• _Information shown_:
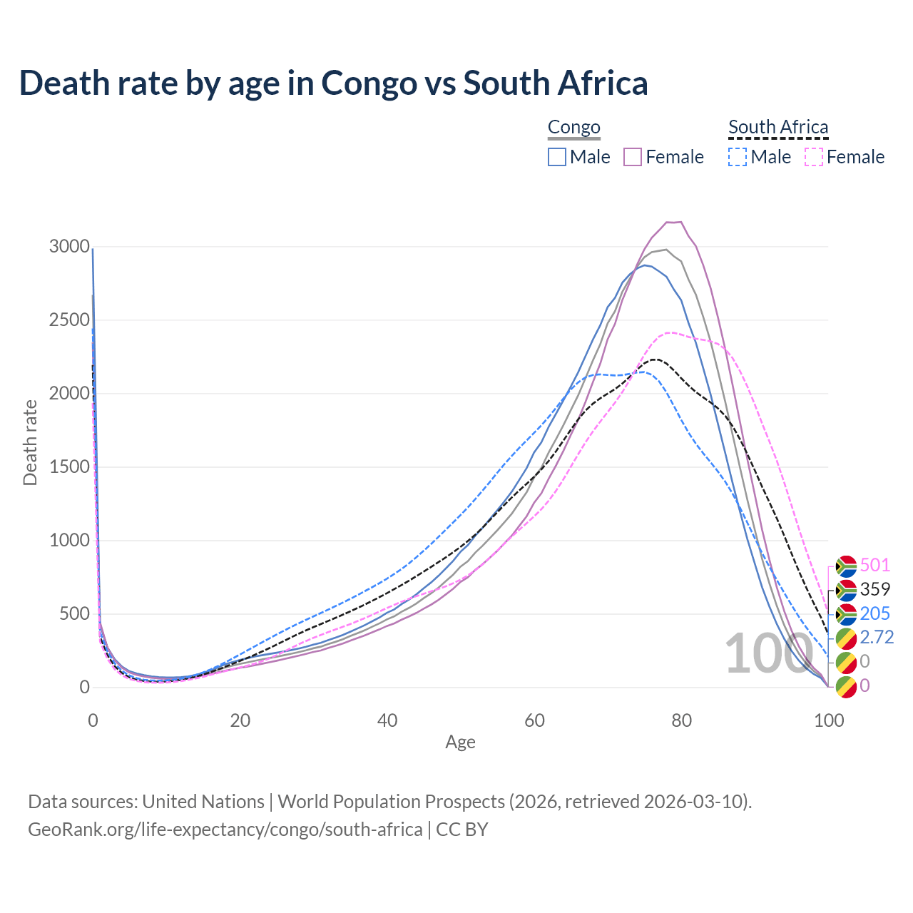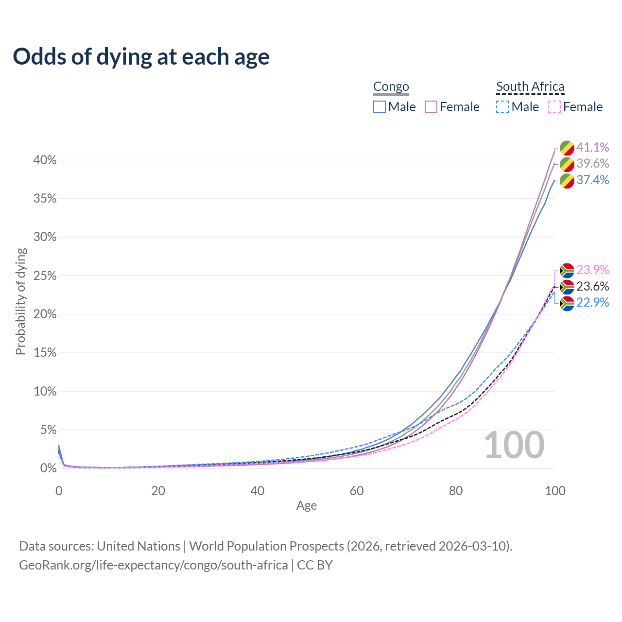 This life expectancy calculator shows the odds of living to 100, 95, 90, and below based on current age for both males and females in the Congo and South Africa, along with mean and median age of death. The calculations are based on the 2026 life tables (actuarial tables) from the UN World Population Prospects.
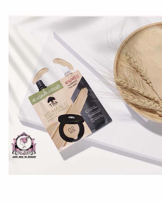 THA Vitamin C Cushion & Concealer SPF15 PA+++ (02 Medium) delivers bright, natural coverage with built-in concealer and daily UV protection in a travel-friendly sachet.
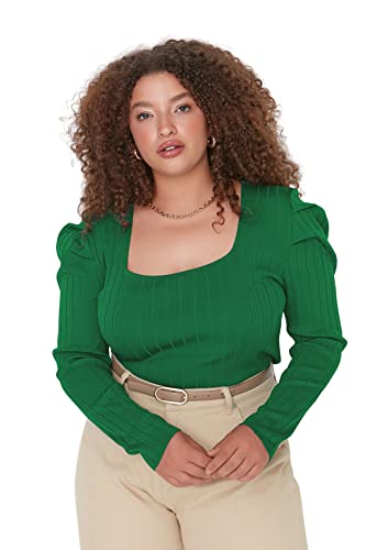 Trendyol Dam plusstorlek figursydd fyrkantig krage stickat plusstorlek blus, gRÖN, XXL Plus
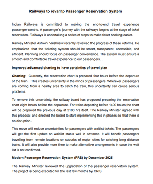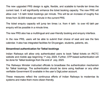 Railways changed the rules: 14:00 बजे से पहले प्रस्थान करने वाली ट्रेनों के लिए, चार्ट पिछले दिन 21:00 बजे तैयार किया जाएगा। नई PRS (यात्री आरक्षण प्रणाली) प्रति मिनट 1.5 लाख से अधिक टिकट बुकिंग की अनुमति देगी।
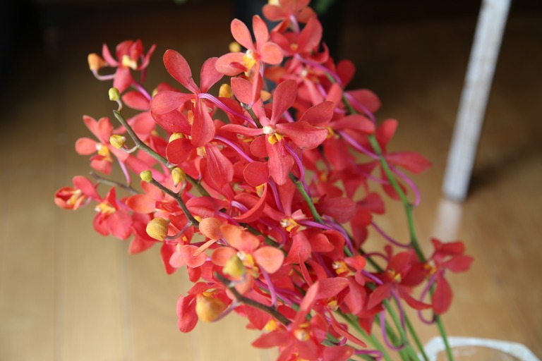 モカラは人工的に交配されてできた品種です。栽培は東南アジアの国々が盛んです。蘭は花が付きすぎていると水上がりが悪く、茎についているすべての花の元気がなくなる事が多いです。そんな時は思い切って下の花2-3個、あるいはダメージが大きい花を切り落とし、茎もナイフで切り戻しをし深水で様子を見て下さい。本来蘭の花はとても丈夫で水さえうまく上がれば2週間くらいは持つお花です。切り取った花もお皿に水をはり、花を浮かべ違ったスタイルで楽しめます。よいお花を上手に手入れして楽しんで下さい。
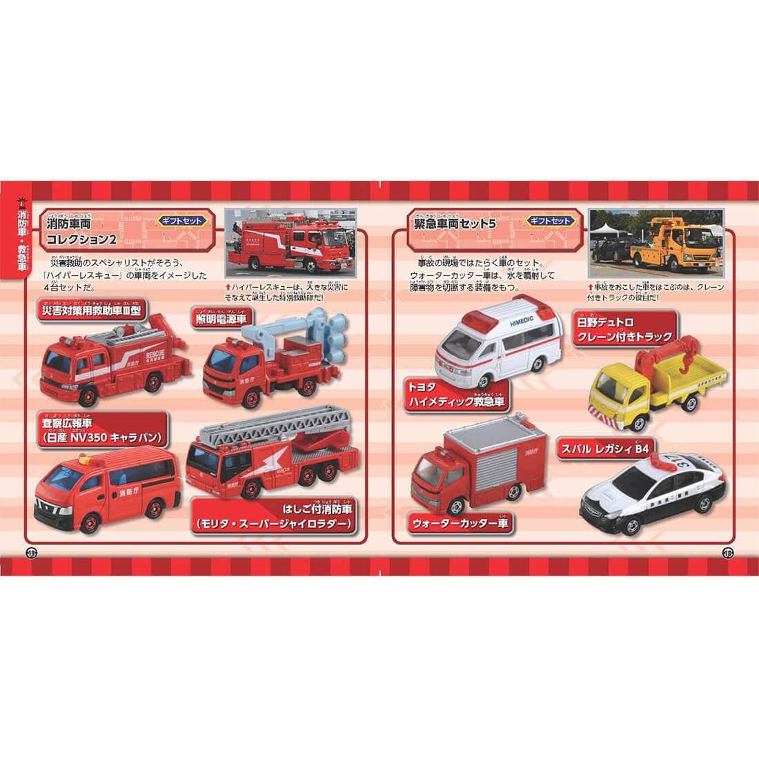 トミカのはたらく車を、「パトカー」、「消防車・救急車」、「建設・作業車両」、「いろいろなはたらく車」の4グループに分けて紹介しているぞ。本物の車の写真と見くらべたり、キミの近くでどんな働きをしているのかしらべて、車にもトミカにも、もっとくわしくなっちゃおう!
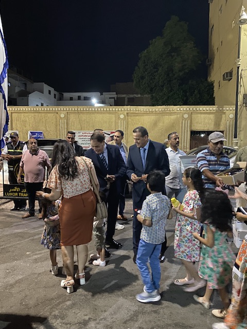 رئيس مدينة الأقصر يستقبل المصلين على أبواب الكنيسة بالشيكولاتة والعيديات
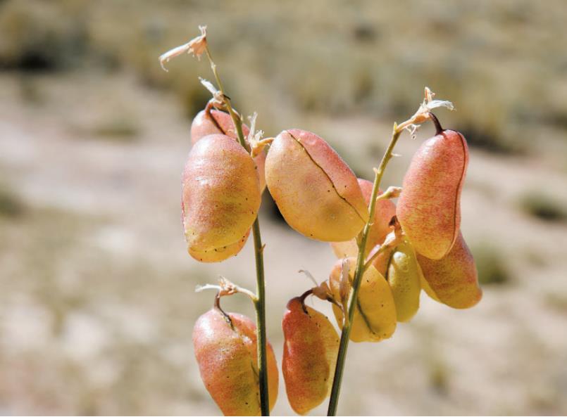 多年生草本,高30-60cm。根粗壮,深长。茎直、灰绿色,具纵条棱,分枝。奇数羽状复叶,长8-15cm,托叶披针形,长约2mm,小叶3-21,椭圆形或倒卵状椭圆形,长5-15mm,宽3-8mm,先端钝或微凹,有小尖头,基部圆形至宽楔形,全缘,上面无毛,下面被伏生短柔毛。总状花序腋生,较叶长,长10-20cm,总花梗密被灰白色短毛,具数花至10多花,苞片披针形,长约1-2mm,花梗长2-3mm,被短毛,基部生1苞片,上部有2小苞片,花萼杯状钟形,花冠淡红色或红色,长约12mm,旗瓣圆形,长13-15mm,宽约11mm,先端微凹,基部具爪,翼瓣具耳,龙骨瓣较翼瓣长。荚果膜质,膨胀呈膀胱状,长2.5-3.5cm,具细长果柄;种子多数,肾状圆形,棕褐色。花期5-8月,果期6-9月。
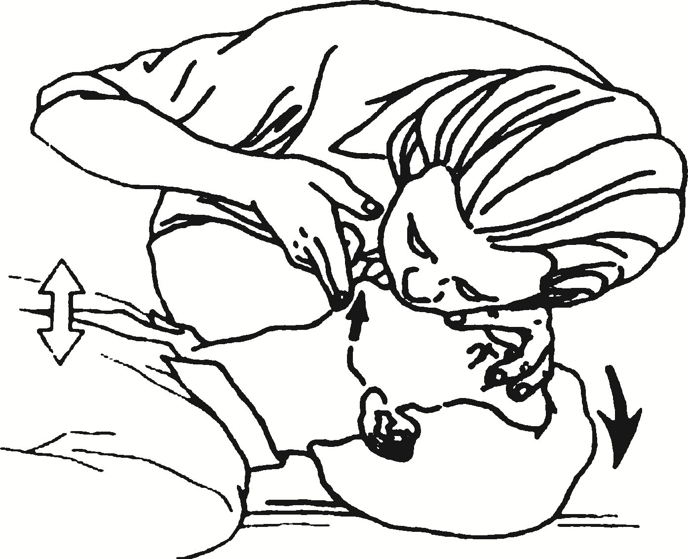 ? ? ? ?開放氣道應先去除氣道內異物。如無頸部創傷,清除口腔中的異物和嘔吐物時,可一手按壓開下頜,另一手用食指將固體異物鉤出,或用指套或手指纏紗布清除口腔中的液體分泌物。
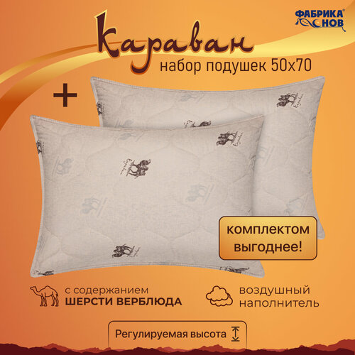 Подушка Фабрика снов 50x70, набор 2шт, верблюжья, стеганая, на молнии
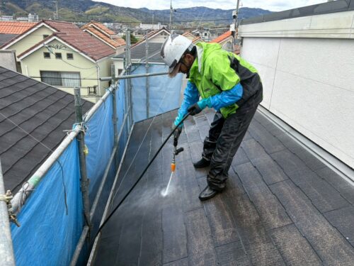 まずは屋根の洗浄をしていきます。
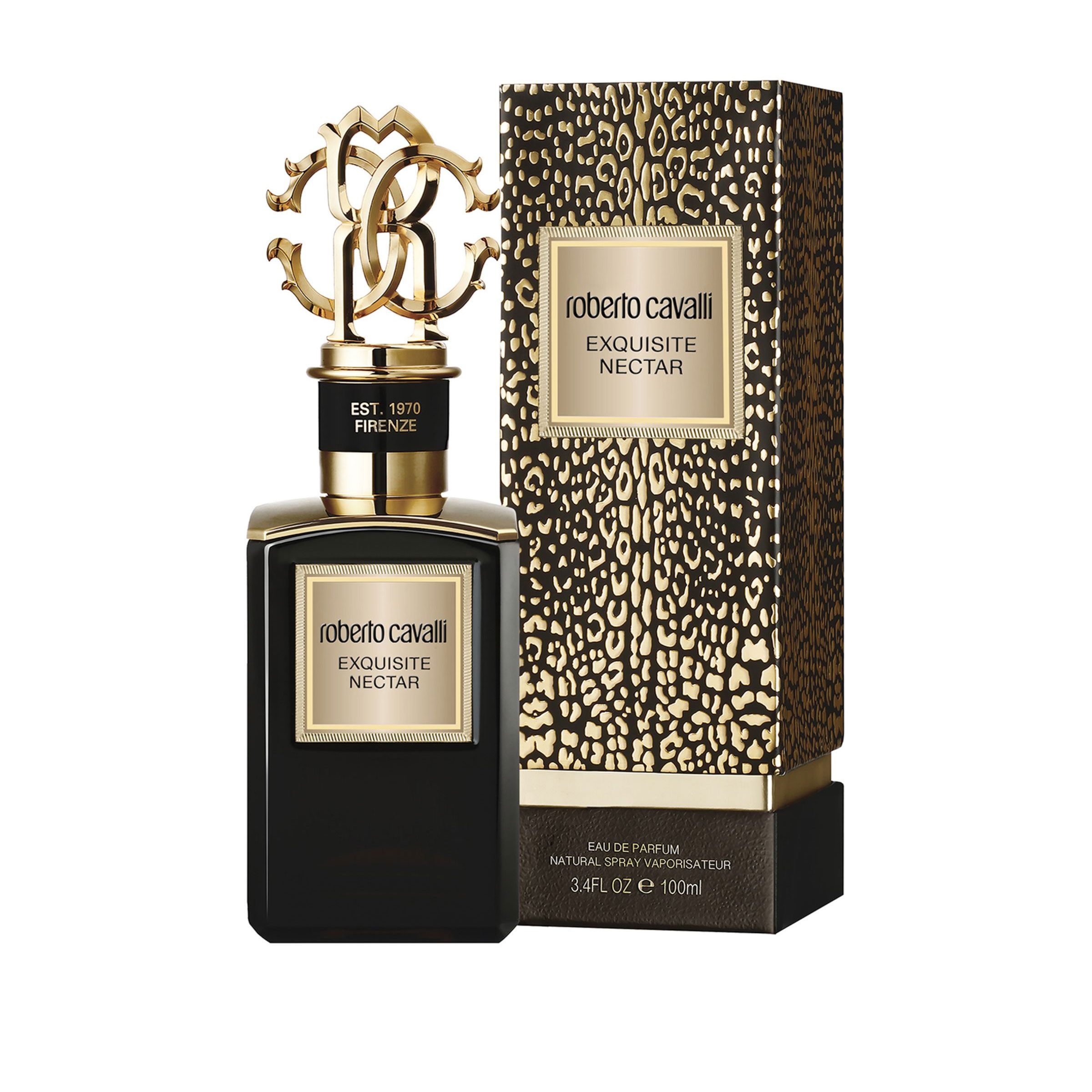 Roberto Cavalli Exquisite Nectar is the Middle Eastern edition of the Gold selection fragrance that evokes a sense of warmth through notes of sandalwood, rose and iris. The glass bottles of dark chocolate color with a gold name plate are decorated with heavy metal stoppers with the logo of the house. Top notes are Neroli, Bergamot, Cardamon, Jasmine absolute. Middle notes are Sidr honey accord, Orange flower oil. Base notes are Cedarwood oil, Patchouli oil, Ambrostar

• _Assignment_: Print exactly the lines running from the start of the entries above to the line with "Trendyol Dam plusstorlek", both included; leave out any pictures.

• _Task output_:
 This life expectancy calculator shows the odds of living to 100, 95, 90, and below based on current age for both males and females in the Congo and South Africa, along with mean and median age of death. The calculations are based on the 2026 life tables (actuarial tables) from the UN World Population Prospects.
 THA Vitamin C Cushion & Concealer SPF15 PA+++ (02 Medium) delivers bright, natural coverage with built-in concealer and daily UV protection in a travel-friendly sachet.
 Trendyol Dam plusstorlek figursydd fyrkantig krage stickat plusstorlek blus, gRÖN, XXL Plus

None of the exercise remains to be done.